As to the first and second allegations, this federal court, absent exceptional circumstances which are not here present, does not have jurisdiction to hold a hearing and inquire into the truth and effect thereof because the relator did not first present these issues to the state court. In other words, relator has failed to exhaust his state remedies as to these issues. United States ex rel. Ackerman v. Johnston, 235 F.2d 958 (3d Cir., 1956).

The same is true as to the third allegation. In addition, unless some prejudice is shown to relator, such a contention is technical and a certification to the correct criminal court having jurisdiction may be made nunc pro tunc after *330 sentence. Brown v. Commonwealth, 78 Pa. 122 (1875).[1]

At the hearing counsel argued that relator's federal rights have been violated because the records of the state court do not show that he was arraigned,[2] and if he was, that there is no transcript of the proceeding. Without deciding whether these omissions constitute substantial federal questions, they cannot be considered here because they were not first presented to the state court.

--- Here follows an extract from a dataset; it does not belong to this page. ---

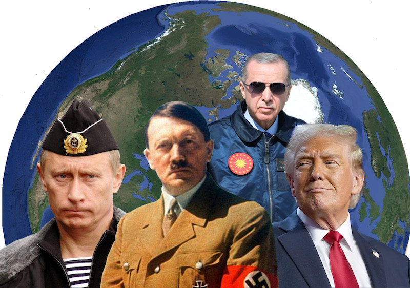 Σε τι διαφέρουν μεταξύ τους ο Χίτλερ, ο Τραμπ, ο Πούτιν, ο Ερντογάν; Απλώς στις μεθόδους που χρησιμοποίησαν για την κατάληψη της εξουσίας. Ταυτίζονται, όμως, στην άσκηση της ίδιας επεκτατικής, κατακτητικής πολιτικής. Ο Χίτλερ ήταν ένας γενοκτόνος 6 εκ. Εβραίων, άρπαγας και κατακτητής χωρών. Ο Τραμπ είναι ένας δημοκρατικά εκλεγμένος Πρόεδρος των ΗΠΑ. Αλλά είναι ένας αλαζόνας ηγέτης που κομπάζει ότι η χώρα του δεν κατακτιέται, δεν εκφοβίζεται, δεν αποτυγχάνει και γι’ αυτό χρησιμοποιεί την ισχύ της για να απειλήσει, να εκφοβίσει, να παρέμβει ή να αρπάξει χώρες.

An appropriate order will be entered.

NOTES

[1] See also, Act of 1927, May 10, P.L. 879, No. 445, § 1; 17 Purdon's Pa.Stat.Ann. § 392.

[2] See Act of 1895, May 15, P.L. 71, § 1; 19 Purdon's Pa.Stat.Ann. § 462, arraignment abolished except where murder is charged; cf. Act of 1961, June 13, P.L. 290, §§ 1, 2; 19 Purdon's Pa.Stat.Ann. § 465 (1962 Supp.), providing for arraignment by rule of court.